For this exercise, reproduce the entries below exactly, but only from the line containing "I really love" through the line containing "Le travail commence", both included.

* **Supplied records**
++++++++

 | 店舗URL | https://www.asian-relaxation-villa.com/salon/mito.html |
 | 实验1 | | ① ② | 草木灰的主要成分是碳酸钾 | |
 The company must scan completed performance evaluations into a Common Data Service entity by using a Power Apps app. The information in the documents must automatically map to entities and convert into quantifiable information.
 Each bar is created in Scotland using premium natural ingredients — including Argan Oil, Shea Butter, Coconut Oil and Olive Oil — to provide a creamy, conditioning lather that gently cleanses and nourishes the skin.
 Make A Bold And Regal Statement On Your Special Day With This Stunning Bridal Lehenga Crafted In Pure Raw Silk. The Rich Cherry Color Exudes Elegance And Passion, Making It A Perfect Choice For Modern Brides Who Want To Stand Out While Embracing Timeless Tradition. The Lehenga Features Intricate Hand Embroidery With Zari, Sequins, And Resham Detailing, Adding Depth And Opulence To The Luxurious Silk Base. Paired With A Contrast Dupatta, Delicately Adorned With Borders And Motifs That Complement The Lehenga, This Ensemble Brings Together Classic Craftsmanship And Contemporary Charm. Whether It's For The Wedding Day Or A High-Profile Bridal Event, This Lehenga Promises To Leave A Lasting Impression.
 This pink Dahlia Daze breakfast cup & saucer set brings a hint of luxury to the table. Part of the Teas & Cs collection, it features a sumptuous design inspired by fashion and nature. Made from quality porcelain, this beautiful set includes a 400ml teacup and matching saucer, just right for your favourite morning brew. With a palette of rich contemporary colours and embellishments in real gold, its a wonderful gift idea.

++++++++

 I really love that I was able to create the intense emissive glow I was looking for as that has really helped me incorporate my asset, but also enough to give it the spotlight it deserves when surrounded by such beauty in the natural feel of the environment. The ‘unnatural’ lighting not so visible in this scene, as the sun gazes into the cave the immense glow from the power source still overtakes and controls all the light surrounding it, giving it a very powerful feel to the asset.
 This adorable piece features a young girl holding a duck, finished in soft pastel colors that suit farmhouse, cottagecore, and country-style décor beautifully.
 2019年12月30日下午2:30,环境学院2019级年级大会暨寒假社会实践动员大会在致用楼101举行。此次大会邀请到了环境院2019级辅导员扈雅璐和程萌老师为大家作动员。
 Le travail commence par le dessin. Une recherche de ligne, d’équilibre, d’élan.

++++++++

* **Answer for this exercise**
 I really love that I was able to create the intense emissive glow I was looking for as that has really helped me incorporate my asset, but also enough to give it the spotlight it deserves when surrounded by such beauty in the natural feel of the environment. The ‘unnatural’ lighting not so visible in this scene, as the sun gazes into the cave the immense glow from the power source still overtakes and controls all the light surrounding it, giving it a very powerful feel to the asset.
 This adorable piece features a young girl holding a duck, finished in soft pastel colors that suit farmhouse, cottagecore, and country-style décor beautifully.
 2019年12月30日下午2:30,环境学院2019级年级大会暨寒假社会实践动员大会在致用楼101举行。此次大会邀请到了环境院2019级辅导员扈雅璐和程萌老师为大家作动员。
 Le travail commence par le dessin. Une recherche de ligne, d’équilibre, d’élan.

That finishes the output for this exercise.